Oh I forgot to mention that the Friday before I asked if the tank was in stock and would try to get to the shop that day to pick it up.

Something came up and I didn't get chance to pick it up.

Maybe that's why he was having a bad day but even so that doesnt excuse bad customer service.


----------



## LondonDragon (19 Jan 2017)

In regards to the topic, its a niche hobby when you talk about aquascaping, but the planted tank business is big, you dont buy plants because of aquascaping, and business have to adapt in order to succeed, sometimes certain stores get a reputation and then think they are better than everyone else and people should be loyal, not the case, a lot of people buy where they can afford and sometimes certain stores are just too big/expensive for their wallets.

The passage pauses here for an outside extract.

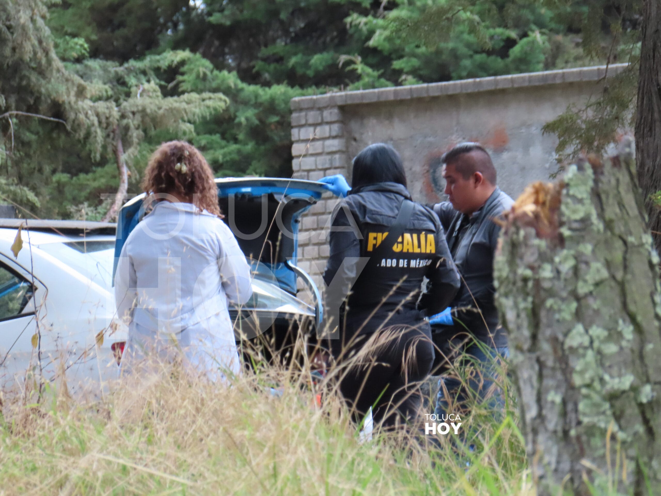 ZINACANTEPEC, Edomex.,6 de febrero de 2026.-Al interior de la cajuela de un taxi, abandonado sobre un camino de terracería de una zona boscosa, un hombre fue hallado con golpes y estrangulado en la comunidad de La Huerta, la víctima no pudo ser identificada. El vehículo del servicio público Chevrolet al
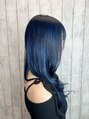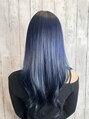 パッと目を引く【ネイビーカラー】♪ 【韓国風】【レイヤーカット】との組み合わせでオシャレな雰囲気に(*≧∀≦*) ( ※ベースカラーがブリーチをされている明るめヘアに限ります)毛先をゆるく巻いたスタイリングで上品な仕上がりも◎/ロング/レイヤー/

Stores should try and cater for all, those on small and large wallets and adapt as times move on, if not then its all downhill from there.


----------



## REDSTEVEO (19 Jan 2017)

niknaksky said:


> I said to the young lad that he must of got out of bed on the wrong side this morning to which he replied that he does get like that .
> So I replied with thats a good way to lose customers *which it is and they have as I will take my business else where from now on.*




Of course you are right, this is the place to discuss things and ask for advice, opinions, other people's views etc but the statement above goes a bit beyond that in my humble opinion. Surely the first point of call to complain about poor customer service is the owner of the company themselves and give them the opportunity to apologise and make amends. 

But gauging by your comment above you have already decided to take your business elsewhere, (which of course is your choice entirely) but without giving the owner the opportunity to put things right. But if I was the owner I think I would be a bit peeved if I read that someone wasn't happy with a member of my staff and made it public without contacting me first.

Who knows if you had brought this to Jim's attention and made your feelings known to him diplomatically, he could have made you a partial refund, or provided something free, or a mega discount on a future order 

I hope this does get resolved in your favour, it would be a shame if TGM suffered just from one bad experience.

Best of luck!

Cheers,

Steve


----------



## niknaksky (19 Jan 2017)

That is your humble opinion which you are entitled to, but I disagree.

I wrote that as that is how I feel, so in my opinion I have the right to put that.

Also it wasn't one experience as I have said in my post.....

As I alluded to in my first post, I have visited numerous times over the last 5+ years. I was disappointed on my latest visits and noticed a significant change in the atmosphere and service and wanted to know if others felt the same.


----------



## REDSTEVEO (19 Jan 2017)

Hi niknaksky,

I have sent you a PM which I hope will put things in a slightly clearer perspective.

Best regards,

Steve


----------



## niknaksky (19 Jan 2017)

Thanks received. Will leave it there.


----------



## REDSTEVEO (19 Jan 2017)

Best regards,

Steve


----------